Source material
####################

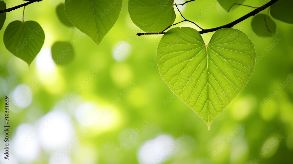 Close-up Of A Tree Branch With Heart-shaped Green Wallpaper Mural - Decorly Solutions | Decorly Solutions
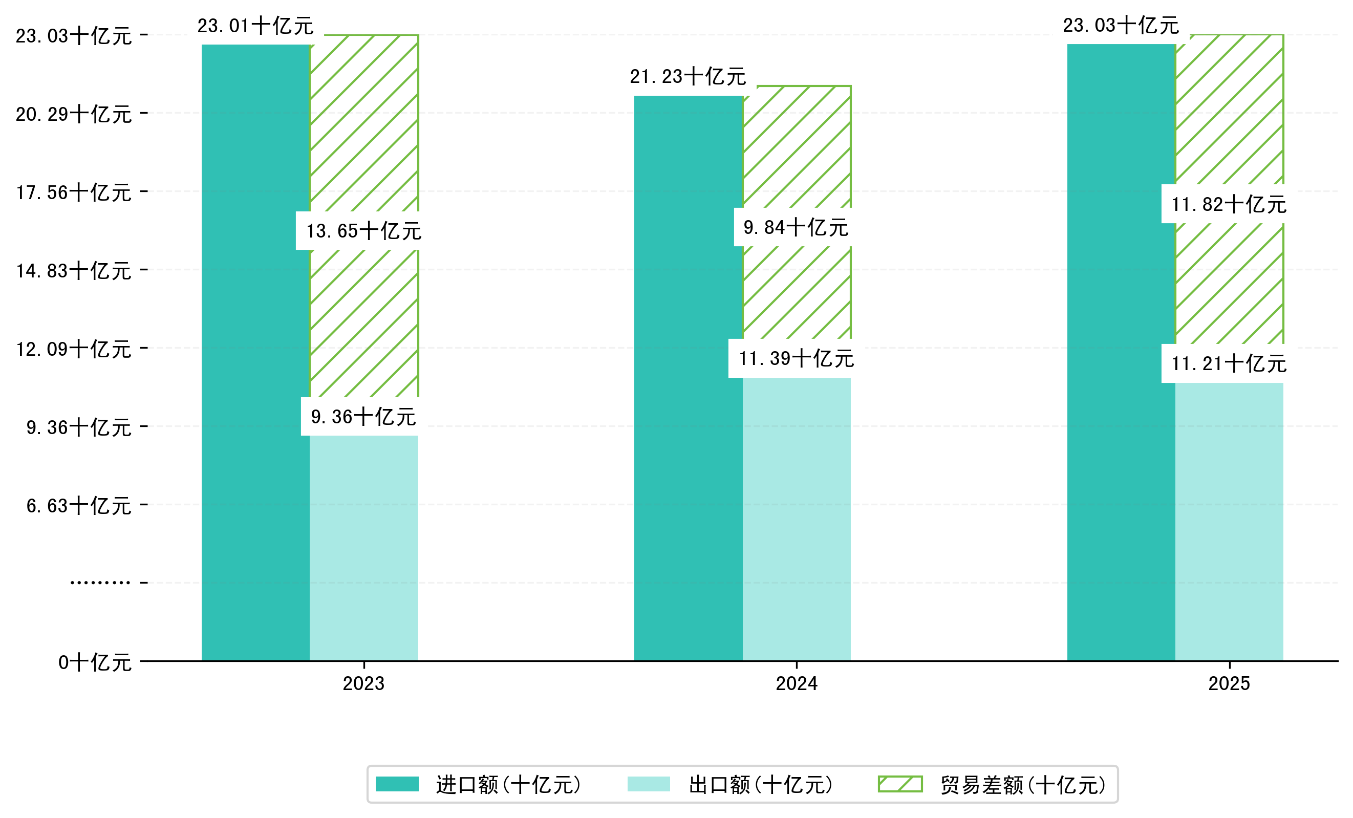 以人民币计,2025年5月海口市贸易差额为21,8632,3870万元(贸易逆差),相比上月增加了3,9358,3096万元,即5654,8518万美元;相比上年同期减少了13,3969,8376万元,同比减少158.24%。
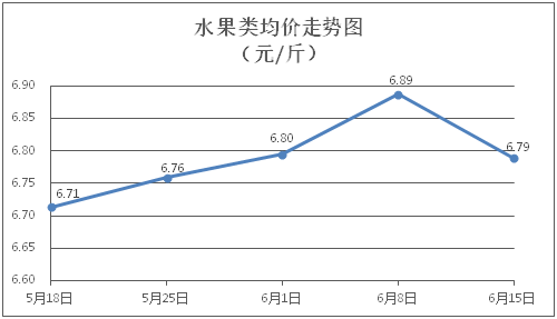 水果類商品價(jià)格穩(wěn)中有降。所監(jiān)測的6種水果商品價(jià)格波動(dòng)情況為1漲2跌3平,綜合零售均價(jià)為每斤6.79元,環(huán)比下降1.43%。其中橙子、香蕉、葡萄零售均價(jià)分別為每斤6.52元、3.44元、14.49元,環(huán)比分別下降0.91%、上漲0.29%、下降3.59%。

####################

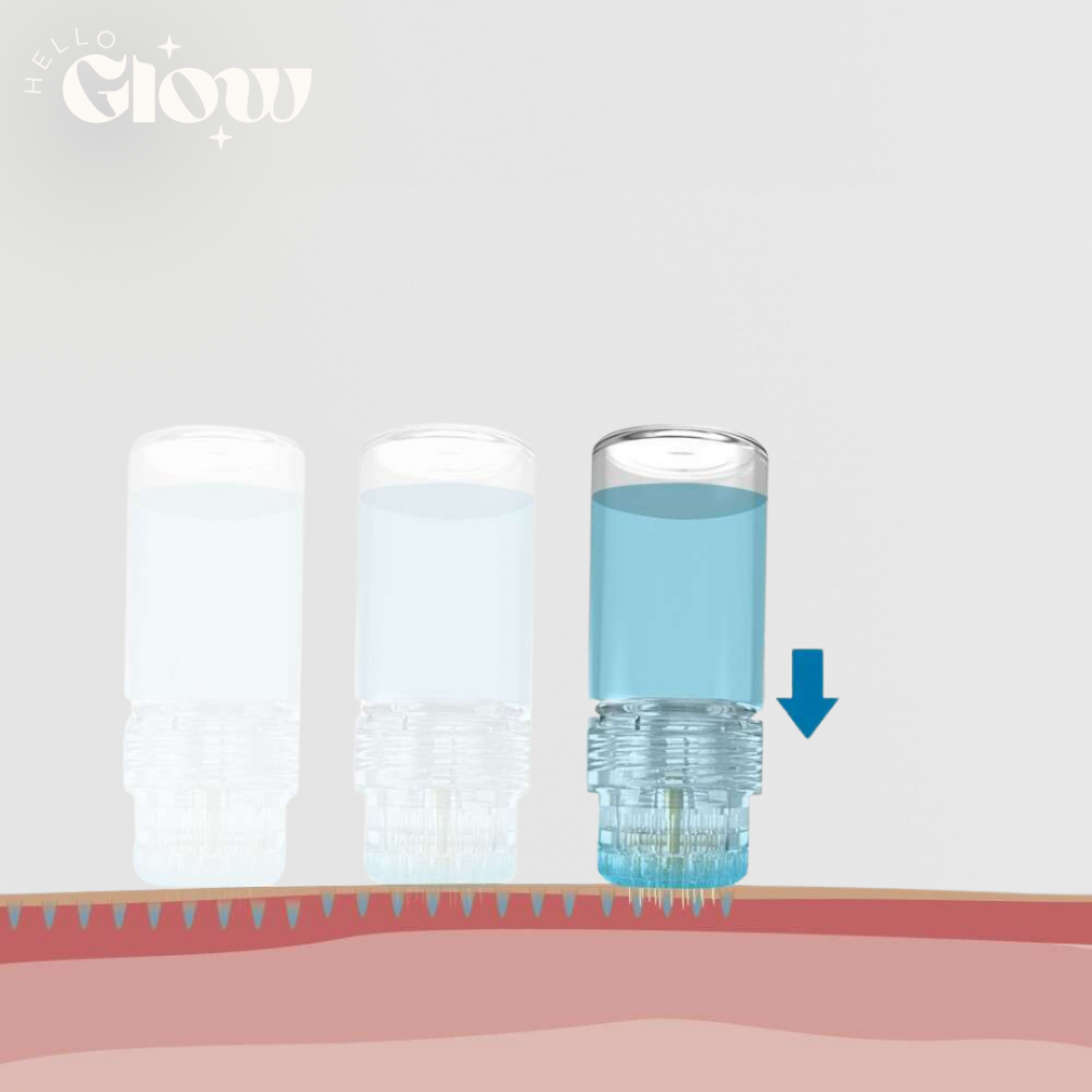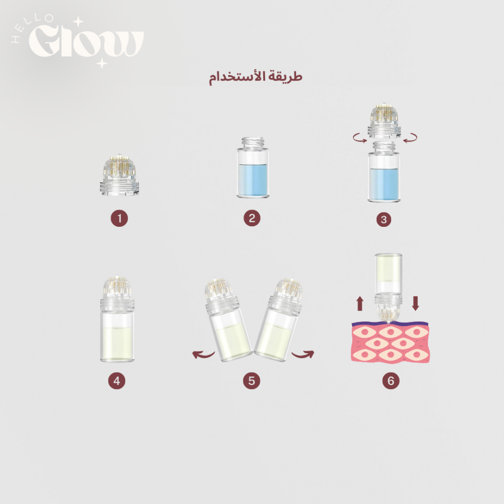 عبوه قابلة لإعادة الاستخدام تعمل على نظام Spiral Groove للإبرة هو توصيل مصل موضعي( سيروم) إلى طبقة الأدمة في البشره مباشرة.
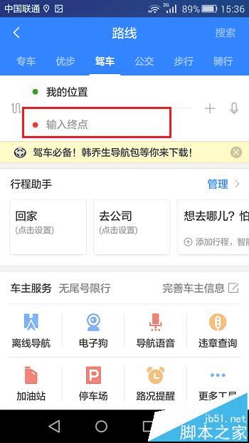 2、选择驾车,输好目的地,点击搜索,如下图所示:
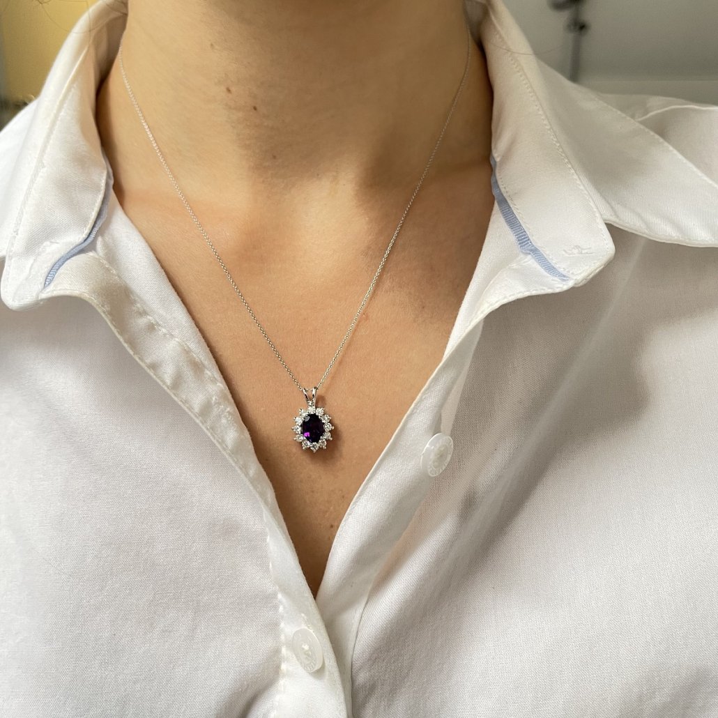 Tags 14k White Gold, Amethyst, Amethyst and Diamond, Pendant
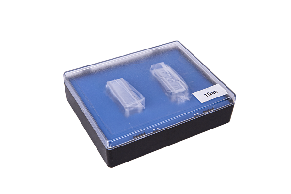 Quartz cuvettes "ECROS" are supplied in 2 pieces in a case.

####################

To do
Take the material above from the line containing "Close-up Of A" up to and including the line containing "水果類商品價(jià)格穩(wěn)中有" and retype it exactly, without any pictures.

Task solution
 Close-up Of A Tree Branch With Heart-shaped Green Wallpaper Mural - Decorly Solutions | Decorly Solutions
 以人民币计,2025年5月海口市贸易差额为21,8632,3870万元(贸易逆差),相比上月增加了3,9358,3096万元,即5654,8518万美元;相比上年同期减少了13,3969,8376万元,同比减少158.24%。
 水果類商品價(jià)格穩(wěn)中有降。所監(jiān)測的6種水果商品價(jià)格波動(dòng)情況為1漲2跌3平,綜合零售均價(jià)為每斤6.79元,環(huán)比下降1.43%。其中橙子、香蕉、葡萄零售均價(jià)分別為每斤6.52元、3.44元、14.49元,環(huán)比分別下降0.91%、上漲0.29%、下降3.59%。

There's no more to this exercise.